Holocaust victims who had their savings or property or art stolen should be allowed to seek restitution even at this late date. Jewish organizations should help by providing lawyers. And the lawyers should help by working pro bono, or, at most, on salary. But contingency fees? Class-action suits? Fishing for aged Jews from whom they can make a killing? The lawyers crisscross Europe in search of ever richer settlements to extract from any institutions with a tainted World War II past. Is this what honouring the Holocaust has come to? A shakedown of Swiss banks, Austrian industry, German automakers that recalls the worst of racial hustling and class action opportunism in the USA? Soon no doubt to be added to the list: Ford and General Motors. What did they know and what did they do when their plants were taken over by the Nazis before and during World War II?.
The Holocaust commands the preservation of memory. It is not an instrument for the generation of money. The dead are honoured by learning the truth and never letting the world forget it, not by entering into rancorous negotiations with corporate leaders who represent a generation entirely innocent of these crimes.
Looting was the least of the crimes of the Holocaust. Nor is it unique. The Holocaust itself, the deliberate mechanized racial murder of 6 million souls, is a singular crime. Wartime looting is not. It is commonplace.
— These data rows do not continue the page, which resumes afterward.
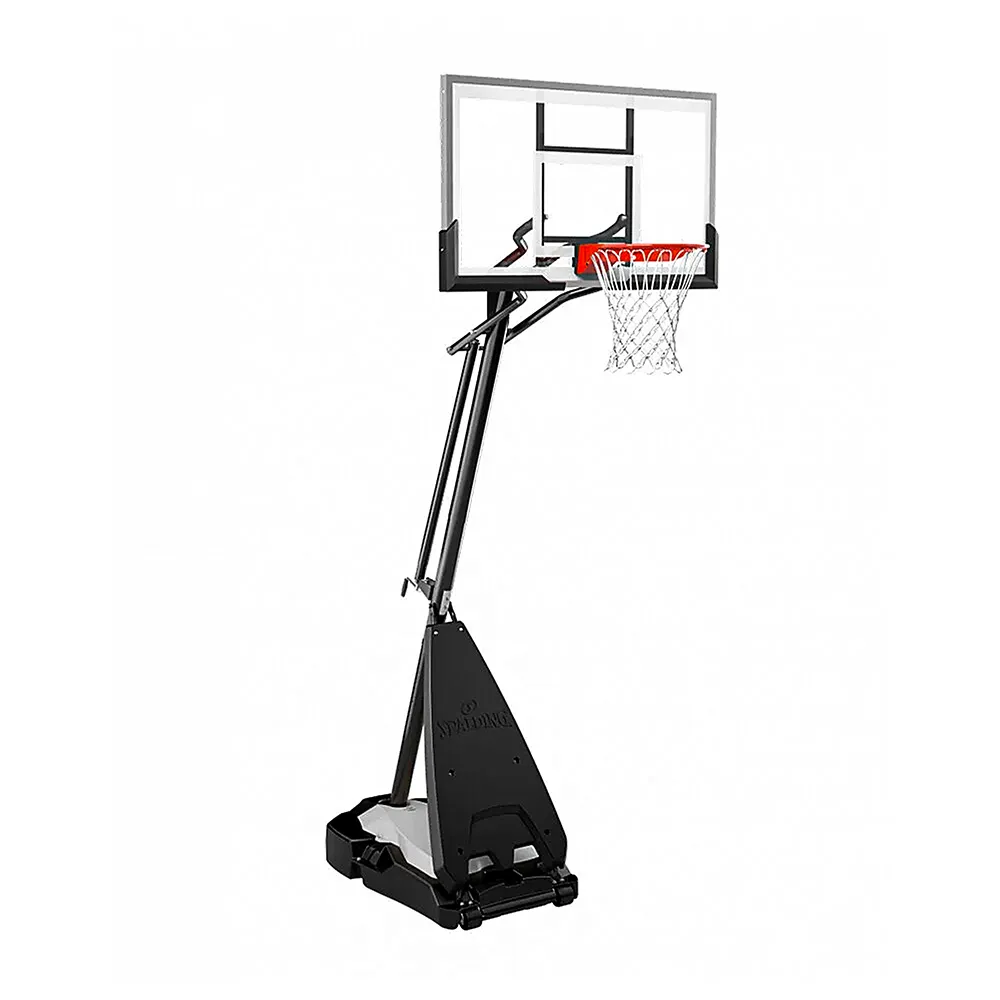 Tablero portátil de 54″ regulable que combina rendimiento profesional y diseño resistente. Su tablero de vidrio templado de 54” (137 cm) con marco de acero ofrece una experiencia de rebote auténtica, ideal para entrenamientos avanzados y partidos recreativos. El aro Arena Slam™ separable absorbe el impacto de las volcadas, mientras que el sistema de elevación infinita con gato de tornillo permite ajustar la altura de 2.28 m a 3.05 m fácilmente. Su poste redondo de acero de 4” y base de 250 lb brindan máxima estabilidad y portabilidad gracias a sus ruedas delanteras.
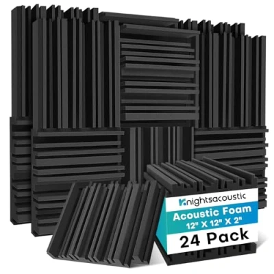 Knightsacoustic 24 Pack Acoustic Foam Panels, Sound Proofing Panels 2" X 12" 12", Broadband Proof for Absorbing, Recording Studio Wall Offices Home YouTube Room
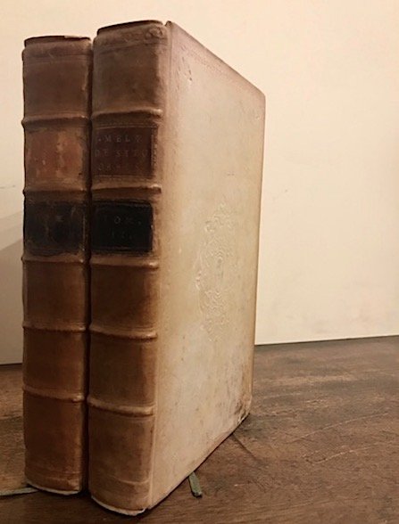 8vo (cm. 20), 2 Voll., 11 cc.nn. (compresa antiporta allegorica e frontespizio stampato in rosso e nero), 545(1) pp. con illustrazioni calcografiche n.t. ed una tavola ripiegata f.t. (’Orbis Terrarum ex mente Pomponii Melae delineatus a P. Bertio’); 1 c.nn., da p. 547 a p. 1081(1), 27 cc.nn. con alcuni diagrammi n.t. Legature coeve in pergamena rigida con nervi e titoli oro su doppio tassello in pelle al ds. (non leggibile il titolo del primo volume). Fregi impressi a secco ai piatti. Tagli colorati. Lievi arrossature sparse, peraltro esemplare in ottimo stato di conservazione. Edizione non comune.
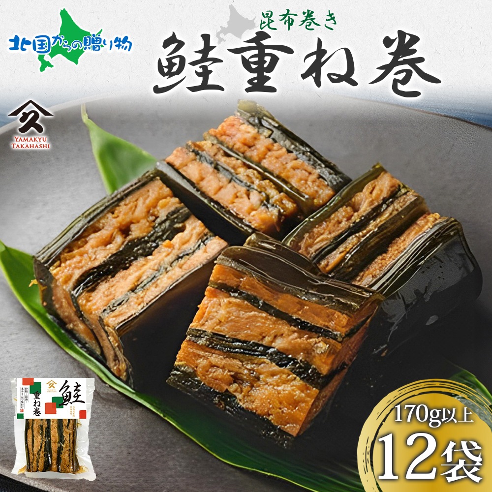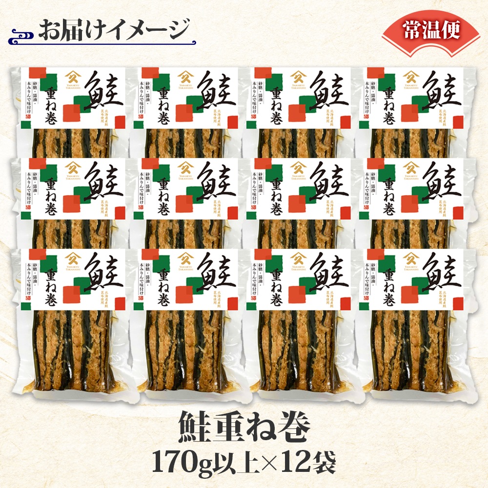 さけ重ね巻 170g以上 12袋 鮭 さけ サケ シャケ 昆布 こんぶ 昆布巻 煮物 国産 お酒 お供 惣菜 おかず 人気 和食 ごはんのおとも ご飯のお供 ギフト お酒の おつまみ お取り寄せ グルメ 送料無料 常温 タカハシ食品 北海道 函館市

At the end of this bloodiest of centuries, to reduce the Holocaust to looting is literally to debase the sacred.
Israel's acceptance of German reparations after the World War II was problematic, but at least at that time one could make an argument from necessity: A people collectively made destitute and desperate by German depredations was entitled to German reparations. But now? The only thing certain to come out of this grotesque scramble for money is a revival of Shylockian stereotypes. This is particularly unfortunate not just because in truth there is no people more given to philanthropy than the Jews, but also because this generation of Europeans has grown up more free of anti-Semitic poison than any in the European history.
It is one thing to risk reviving dormant anti-Jewish feeling in defence, say, of a vital, living cause like Israel, heir to the civilization destroyed by the Nazis. But for this? For blood money from the Holocaust?.
Should we find out and proclaim the truth about Holocaust looting? Of course. And truth about the forced labour. And truth about the industrialists who abetted the Nazi machine. And truth about the peoples of Europe who were silent, or worse. But money? It should be beneath the dignity of the Jewish people to accept it.